Maître de son destin

Le simple fait que plus d’un demi-siècle après les indépendances, une grande partie de la jeunesse Africaine reste pauvre et sans perspective, appelle au constat suivant : Nul ne fera le bonheur des jeunes à leur place. La jeunesse doit s’impliquer dans la politique. Elle ne doit jamais oublier que la liberté se conquiert par la lutte, que chaque espace de liberté dont jouit l’humanité a été conquis par l’action des femmes et des hommes qui nous ont précédés. La jeunesse Africaine doit résister contre toutes les formes de radicalismes identitaires. Elle doit revendiquer une Afrique libre, démocratique et sans exclusion. Elle doit conquérir le droit légitime de participer au parlement, et être au sein de l’exécutif dans chaque pays Africain. La jeunesse doit être sujet de son histoire, maître de son destin. De la politique, elle doit attendre la recherche du bonheur commun, et non la ruse pour exclure et dominer l’autre.

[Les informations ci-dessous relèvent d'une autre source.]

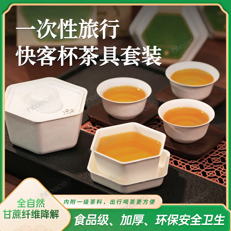 新製品在庫あり六角形パルプティーセットカップ分解性抗火傷環境に優しいサトウキビ繊維使い捨てティーセット

Elle doit se souvenir en tout temps et tout lieu que l’héroïsme se mesure au nombre de vies sauvées et non au nombre de vies fauchées. En d’autres mots, la jeunesse Africaine doit militer pour la mise en place des politiques qui garantissent la sécurité physique et économique pour tous les citoyens, seule façon d’éviter à des millions d’êtres humains, de mourir d’une mort évitable. Ambitieuse pour la bonne cause, et implacable dans la lutte pour le bien commun, la jeunesse doit savoir vaincre sans humilier. La jeunesse Africaine doit allumer les brasiers de l’espérance dans les ghettos du renoncement, pour une Afrique de tous les humains.